What the task requires:
The answer must consist solely of the lines from the one with "The top is decorated" through the last line of the data, copied exactly, with no pictures.

===== Data provided

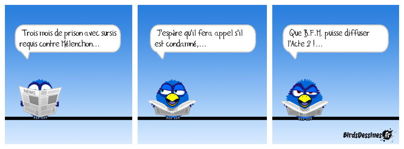 Case 1:Bird 1: Trois mois de prison avec sursis requis contre Mélenchon... | Case 2: Bird 1: J'espère qu'il fera appel s'il est condamné,... | Case 3: Bird 1: Que B.F.M. puisse diffuser l'Acte 2 !...
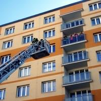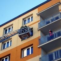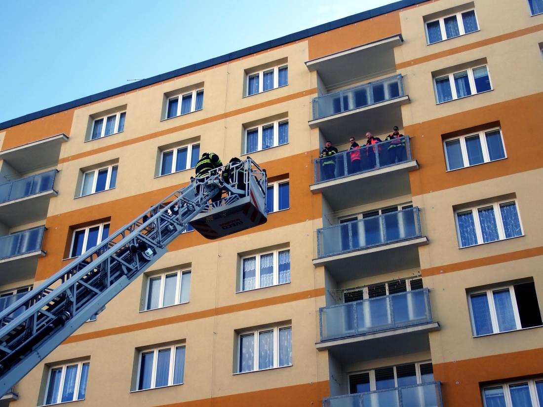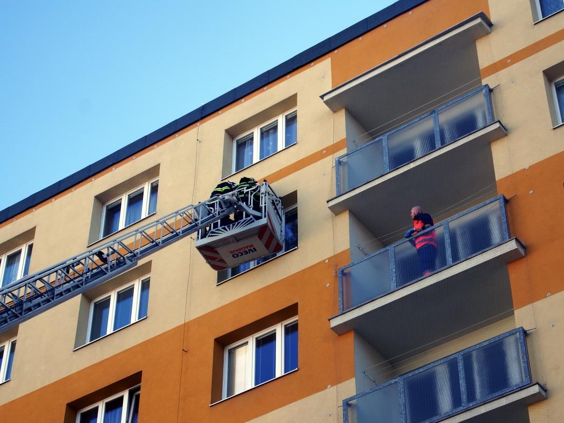 Hasiči zvolili tu nejšetrnější cestu ke zraněné ženě a do bytu se dostali za pomoci výškové techniky. Záchranáři po nezbytném ošetření na místě ženu transportovali do nemocnice.
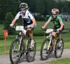 Markus Mowe Martinsen fra Nesodden og Alexander Høvik fra Halden fightet om førsteplassen i klasse 12-14 år. Markus i er i tet knappe to km før mål, og holdt unna for Alexander inn mot mål og vant med to sekunder. (Foto: Kjell Vigestad)
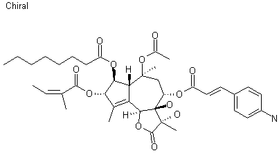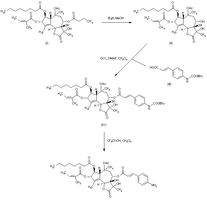 8-O-Debutanoylthapsigargin (II) was obtained by triethylamine-catalyzed methanolysis of thapsigargin (I). Coupling of (II) with N-Boc-4-aminocinnamic acid (III) in the presence of DCC and DMAP provided ester (IV). The Boc protecting group of (IV) was then cleaved by treatment with trifluoroacetic acid.
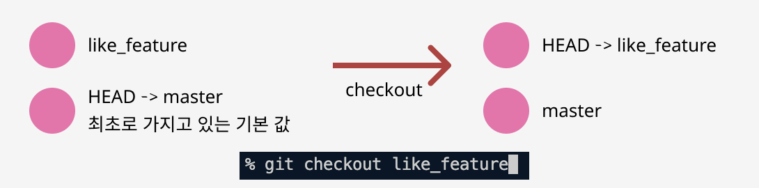 "like_feature" Branch의 working directory에서 새로운 정보를 넣어 commit하면 새로운 checkpoint가 생성됨
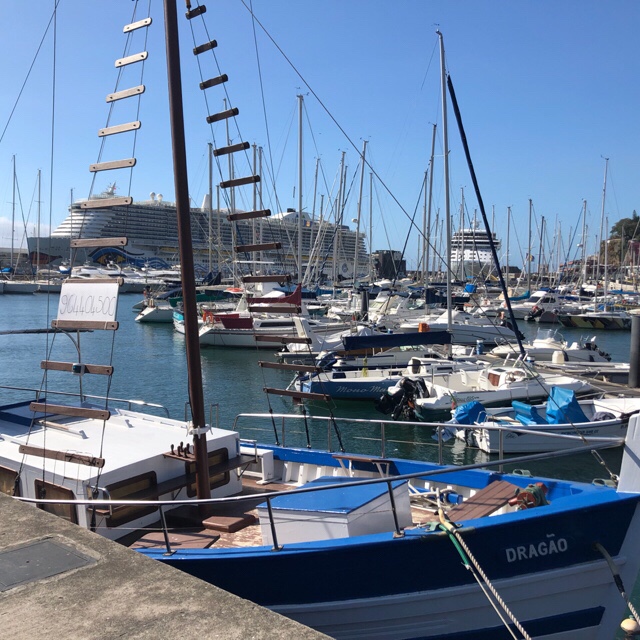 Im Hintergrund eins von drei Kreuzfahrtschiffen, die zZt in Funchal liegen
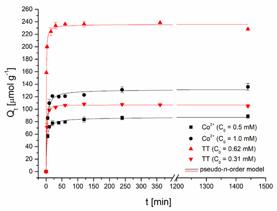 gradually rose, with the increasing initial concentrations of Co2+ and TT in the adsorption system indicating faster removal at higher Co2+ and TT concentrations. Moreover, the fractional numbers n were close to 2, implying that the determining step of the biosorption of both Co2+ and TT by magnetically responsive biomass is chemical adsorption. Similarly, the order of adsorption for rhodamine B and methyl orange removal by Fe3O4 nanoparticles-functionalized activated carbon obtained from the pseudo-n-order model varied from 1 to 2 and was closer to 2 [8]. On the contrary, Fraga et al. [27] observed the great value of n (7.46) for the adsorption of reactive drimaren red by amino-Fe3O4 functionalized multilayer graphene oxide, suggesting a highly heterogeneous interface.
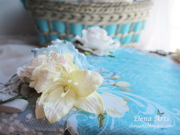 The top is decorated with beautiful cuts of Bo Bunny, all are in blue tones, very fresh and romantic :) Different flowers serve as embellishment.
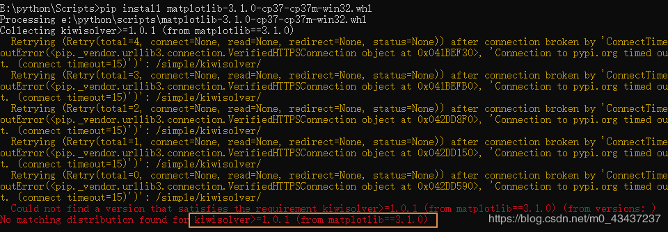 然而并没有卵用,还是失败,这个时候发现是不是少了kiwisolver这个包,继续下载这个包进行安装。

==========

Exercise response:
 The top is decorated with beautiful cuts of Bo Bunny, all are in blue tones, very fresh and romantic :) Different flowers serve as embellishment.
 然而并没有卵用,还是失败,这个时候发现是不是少了kiwisolver这个包,继续下载这个包进行安装。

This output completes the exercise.